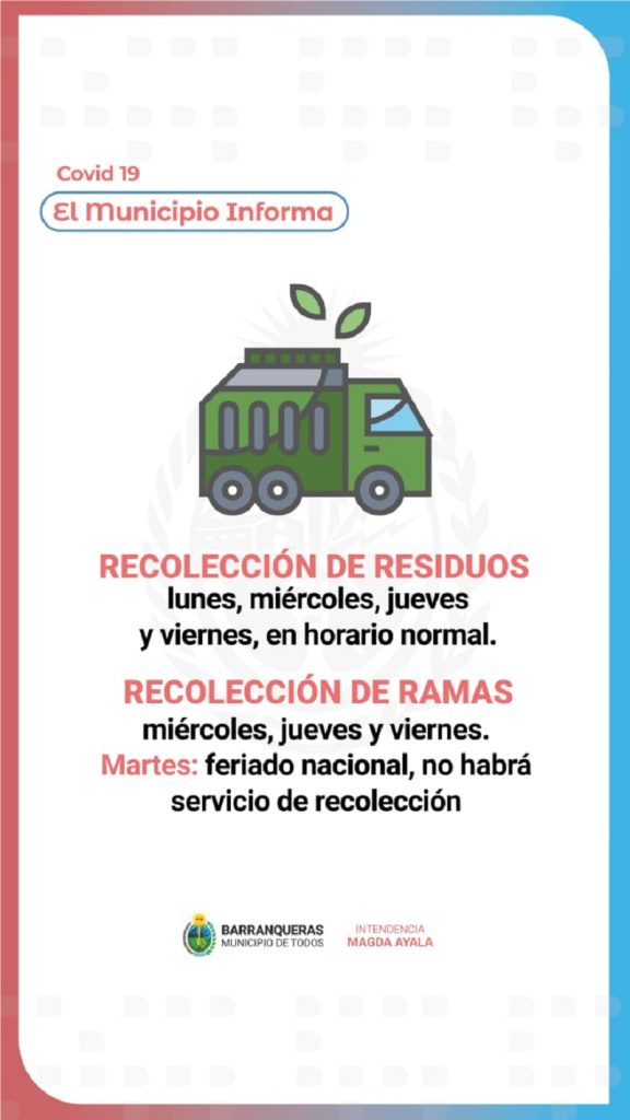 A partir de las nuevas medidas regulatorias en el marco de la pandemia por covid 19, el Municipio de Barranqueras informó los días y horarios de recolección de residuos para continuar llevando a cabo sus tareas municipales de limpieza a pesar de las nuevas regulaciones.
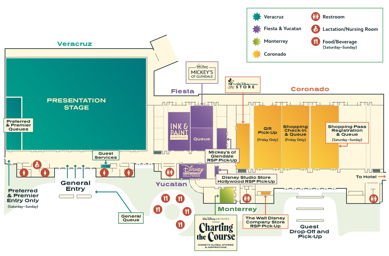 - The map for the event has also been shared, showcasing where fans can enjoy the event’s presentations, the Walt Disney Archives exhibit, and various shopping experiences.
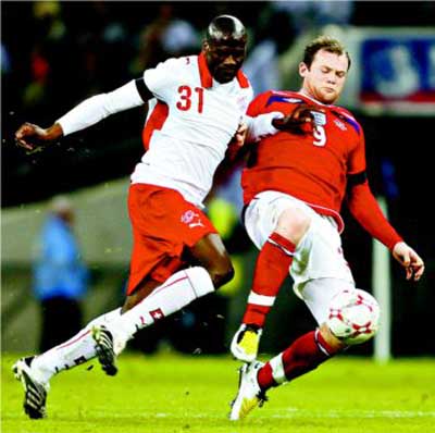 盡管采用了“四五一”的單前鋒陣型,但魯尼獲得的射門機(jī)會并不少,下半時初段他就三次射門,其中一次單刀、一次吊射和一腳遠(yuǎn)射?上(lián)前鋒并非頂級射手,浪費(fèi)了本特利兩次時機(jī)和精準(zhǔn)度都極佳的傳球。第58分鐘,巴內(nèi)塔抓往英格蘭右后衛(wèi)布朗站位的一次失誤直傳其身后,德迪約克乘虛而入,一腳低平的斜射中的,替瑞士扳平了比分,也讓屢屢浪費(fèi)機(jī)會的主隊(duì)受到了懲罰。出人意料的卡佩羅面對失球出奇得平靜,他甚至為年僅19歲的德迪約克鼓掌。
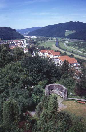 Bei der Burg Hausach handelt es sich vermutlich um eine hochmittelalterliche Gründung der Grafen von Freiburg-Urach. Umstritten ist, ob sich die 1246 erfolgte urkundliche Nennung des "castrum husen" auf die Burgruine über Hausach oder auf eine kürzlich etwa 600 m südlich lokalisierte Burgstelle bezieht. Möglicherweise stellt die Burgruine eine Mite des 13. Jh. errichtete Nachfolgeanlage der zerstörten Burg dar. Unter Heinrich VI. von Fürstenberg (1432-1491) erfolgte eine tiefgreifende bauliche Umgestaltung der Burg. Im 15. Jh. wurden das jetzige Hauptgebäude, der Vorhof (1466), ein Zwinger (1467) sowei weitere Bauten aufgeführt. Infolge des Stadtbrandes von Hausach verzögerte sich die Fertigstellung des Turmes bis zum Jahr 1677. Im Dreißigjährigen Krieg wurde die Burg 1643 zerstört und blieb Ruine. Der Zinnenkranz sowie der ebenerdige Eingang in den Bergfried legen Zeugnis von einer ersten Sanierung der Anlage in den Jahren 1890/91 ab. 1911 setzte man den sogenannten Batterieturm instand. Bergfried und Palaswand wurden 1985-1989 saniert. (H.W.; J. F.)

- - - -

> **Brief**
Write the material above out again exactly. Omit every image.

> **Completed task**
 A partir de las nuevas medidas regulatorias en el marco de la pandemia por covid 19, el Municipio de Barranqueras informó los días y horarios de recolección de residuos para continuar llevando a cabo sus tareas municipales de limpieza a pesar de las nuevas regulaciones.
 - The map for the event has also been shared, showcasing where fans can enjoy the event’s presentations, the Walt Disney Archives exhibit, and various shopping experiences.
 盡管采用了“四五一”的單前鋒陣型,但魯尼獲得的射門機(jī)會并不少,下半時初段他就三次射門,其中一次單刀、一次吊射和一腳遠(yuǎn)射?上(lián)前鋒并非頂級射手,浪費(fèi)了本特利兩次時機(jī)和精準(zhǔn)度都極佳的傳球。第58分鐘,巴內(nèi)塔抓往英格蘭右后衛(wèi)布朗站位的一次失誤直傳其身后,德迪約克乘虛而入,一腳低平的斜射中的,替瑞士扳平了比分,也讓屢屢浪費(fèi)機(jī)會的主隊(duì)受到了懲罰。出人意料的卡佩羅面對失球出奇得平靜,他甚至為年僅19歲的德迪約克鼓掌。
 Bei der Burg Hausach handelt es sich vermutlich um eine hochmittelalterliche Gründung der Grafen von Freiburg-Urach. Umstritten ist, ob sich die 1246 erfolgte urkundliche Nennung des "castrum husen" auf die Burgruine über Hausach oder auf eine kürzlich etwa 600 m südlich lokalisierte Burgstelle bezieht. Möglicherweise stellt die Burgruine eine Mite des 13. Jh. errichtete Nachfolgeanlage der zerstörten Burg dar. Unter Heinrich VI. von Fürstenberg (1432-1491) erfolgte eine tiefgreifende bauliche Umgestaltung der Burg. Im 15. Jh. wurden das jetzige Hauptgebäude, der Vorhof (1466), ein Zwinger (1467) sowei weitere Bauten aufgeführt. Infolge des Stadtbrandes von Hausach verzögerte sich die Fertigstellung des Turmes bis zum Jahr 1677. Im Dreißigjährigen Krieg wurde die Burg 1643 zerstört und blieb Ruine. Der Zinnenkranz sowie der ebenerdige Eingang in den Bergfried legen Zeugnis von einer ersten Sanierung der Anlage in den Jahren 1890/91 ab. 1911 setzte man den sogenannten Batterieturm instand. Bergfried und Palaswand wurden 1985-1989 saniert. (H.W.; J. F.)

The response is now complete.